Unless unavoidable, and directed by Continuent Support, you should never manually shun the primary node

+---------------------------------------------------------------------------------+
|db2(slave:SHUNNED(MANUALLY-SHUNNED), progress=8, latency=0.937)                  |
|STATUS [SHUNNED] [2025/01/24 03:16:56 PM UTC]                                    |
+---------------------------------------------------------------------------------+
|  MANAGER(state=ONLINE)                                                          |
|  REPLICATOR(role=slave, master=db1, state=ONLINE)                               |
|  DATASERVER(state=ONLINE)                                                       |
|  CONNECTIONS(created=9, active=0)                                               |
+---------------------------------------------------------------------------------+

cctrl> datasource db2 welcome
cctrl> datasource db2 online (if needed)
cctrl> recover

The CONFLICTS-WITH-COMPOSITE-MASTER state means that we already have an active primary in the cluster and we can’t bring this primary online because of this.

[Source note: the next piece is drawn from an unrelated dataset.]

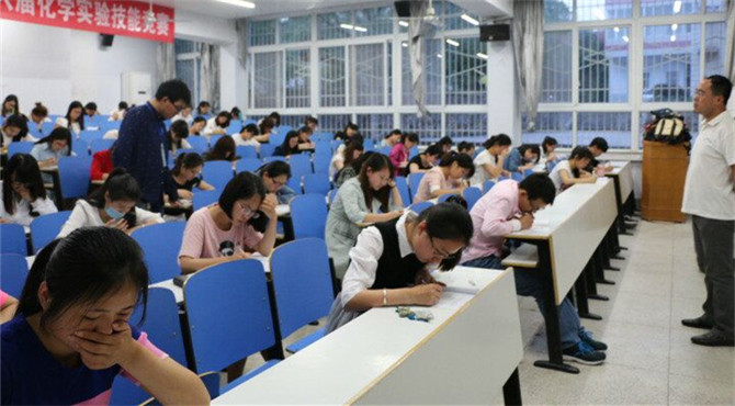 实验拼技能,学子化风采。为响应深化教育改革的政策,调动老员工积极参与化学实验学习与研究的兴趣,五月六日晚七点,太阳集团tyc151cc在教四、教七四个考点举行第六届化学实验技能竞赛笔试,三百余名员工参加本次比赛,团委书记冷向宇、辅导员老师路振国现场巡察监督。

+----------------------------------------------------------------------------+
|db1(master:SHUNNED(CONFLICTS-WITH-COMPOSITE-MASTER),                        |
|progress=25475128064, THL latency=0.010)                                    |
|STATUS [SHUNNED] [2025/01/24 03:16:56 PM UTC]                               |
+----------------------------------------------------------------------------+
| MANAGER(state=ONLINE)                                                      |
| REPLICATOR(role=master, state=ONLINE)                                      |
| DATASERVER(state=ONLINE)                                                   |
| CONNECTIONS(created=2568, active=0)                                        |
+----------------------------------------------------------------------------+

The FAILSAFE AFTER Shunned by fail-safe procedure state means that the Manager voting Quorum encountered an unrecoverable problem and shut down database writes to prevent a Split-brain situation.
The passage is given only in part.